Important Properties:

  • Rule Name: Must be unique.
  • Input/Output: These are strings (or lists of strings). Snakemake uses these to “connect the dots” between rules.
  • Shell: The bash command to execute. Notice the {input} and {output} placeholders—Snakemake automatically fills these in with the paths you defined above.

Understanding the Syntax

A Snakefile is essentially a Python script with some extra keywords added. This is powerful because it means you can use Python variables, functions, and libraries directly in your workflow definition.

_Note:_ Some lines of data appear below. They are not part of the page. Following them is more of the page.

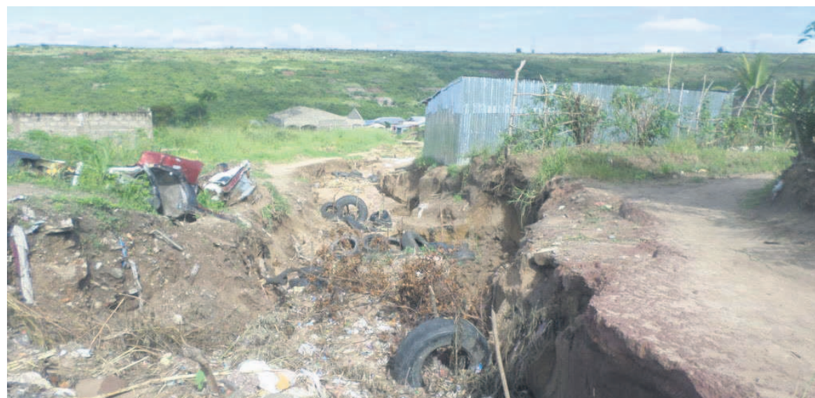
Une vue du quartier Saint-Denis/Adiac

Mfilou qui a donné naissance à une partie de Djiri a repris son territoire, se conformant à la loi n°9-2011 du 17 mai 2011, portant création de l'arrondissement n°8 Madibou et de l'arrondissement n°9 Djiri, adoptée par le Parlement et promulguée la même année par le président de la
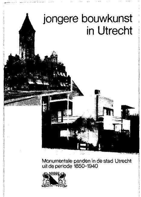
1. Omslag van het boekje dat een inventarisatie van de Jongere bouwkunst in de stad Utrecht uit de periode 1850-1940 bevat.
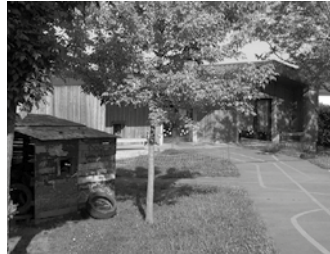
Zubietan eta Aginagan ez zen eskolarik izan maiatzaren 16an.

I siltasuna erabatekoa zen eta ikasgelak hutsik ziren maiatzaren 16an, Zubietako eta Aginagako Eskoletan. LAB, ELA, STEILAS eta CCOO sindikatuek hezkuntza publikoan deitutako greba orokorrak erabateko jarraipena izan zuten ikastetxeotan.
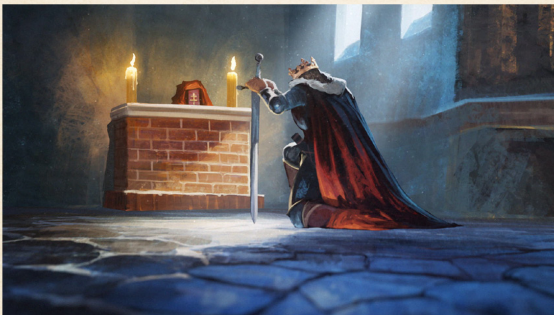
Król Władysław Jagiełło na Świętym Krzyżu – kadr z filmu O chrześcijańskich korzeniach Polski

benedyktynski na Świętym Krzyżu stanowił centrum kultu i nauki. Jeszcze większe znaczenie zyskał z chwilą, gdy na początku XIV wieku książę Władysław Łokietek przekazał benedyktynom relikwiarz z fragmentem Drzewa Krzyża Świętego. Od tej chwili klasztor stał się centrum kultu Krzyża Świętego. Dużym szacunkiem obdarzał to miejsce król Władysław Jagiełło, pielgrzymując tu niejednokrotnie. Jedną z pielgrzymek była szczególnie – przed rozpoczęciem Wielkiej Wojny z Krzyżakami i najważniejszym starciem pod Grunwaldem. Widocznym symbolem szczególnego kultu Grobu i Krzyża Pańskiego u Władysława Jagiełły może być drobny szczegół heraldyczny – w osobistym herbie umieścił Władysław symbol podwójnego krzyża – znany nam już z płaszczy bożogrobców oraz relikwiarza z klasztoru na Świętym Krzyżu.
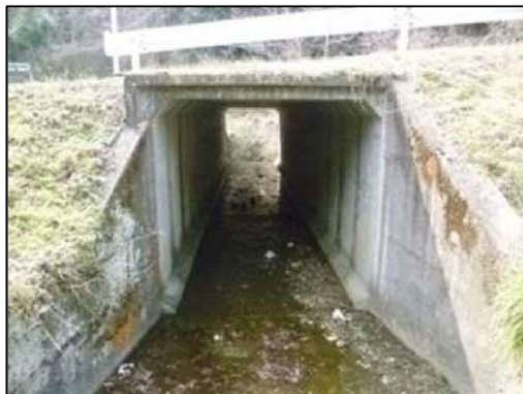
写真：特定の条件を満足する溝橋の定期点検に関する参考資料

  • Indentation matters: Just like in Python, Snakemake uses indentation (usually 4 spaces) to group code blocks. The input, output, and shell directives must be indented relative to the rule.
  • Strings: File paths and commands are strings, so they must be enclosed in quotes ("..." or '...').
  • Comments: Use # for comments, just like in Python/Bash.
  • Lists: If a rule has multiple inputs or outputs, you can list them with commas:

PYTHON

    input:
        "file1.txt",
        "file2.txt"

Running the Rule


  1. Create dummy data:

BASH

echo -e "Background\nSignal\nBackground\nSignal" > raw_data.txt
  1. Create a Snakefile with the content shown above.

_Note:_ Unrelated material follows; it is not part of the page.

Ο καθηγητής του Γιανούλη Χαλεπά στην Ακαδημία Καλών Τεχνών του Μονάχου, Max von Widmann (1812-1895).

  2. Run Snakemake. We must tell it what file we want to generate:

BASH

pixi run snakemake --cores 1 skimmed_data.txt
# if you run snakemake from a conda environment or pip, use:
# snakemake --cores 1 skimmed_data.txt

If successful, you will see Finished jobid: 0.

OUTPUT

Assuming unrestricted shared filesystem usage.
host: gluon
Building DAG of jobs...
Using shell: /usr/bin/bash
Provided cores: 1 (use --cores to define parallelism)
Rules claiming more threads will be scaled down.
Job stats:
job          count
---------  -------
skim_data        1
total            1

Select jobs to execute...
Execute 1 jobs...

[Sun Feb  8 12:05:08 2026]
localrule skim_data:
    input: raw_data.txt
    output: skimmed_data.txt
    jobid: 0
    reason: Missing output files: skimmed_data.txt
    resources: tmpdir=/tmp
[Sun Feb  8 12:05:08 2026]
Finished jobid: 0 (Rule: skim_data)
1 of 1 steps (100%) done

If snakemake was not installed using pixi but with a conda environment or pip, you should remove the pixi run part and just run:

BASH

snakemake --cores 1 counts.txt

This will be the case for most users following this tutorial outside of the pixi environment.

Challenge

Syntax Error Hunt

Intentionally break your indentation (remove a space before input:). Run the command again.

What error does Snakemake give you?

This IndentationError is the most common error you will encounter.

Key Points
  • A Snakefile defines the workflow.
  • A rule contains input, output, and a shell command.
  • You execute the workflow by asking for the output file, not the rule name.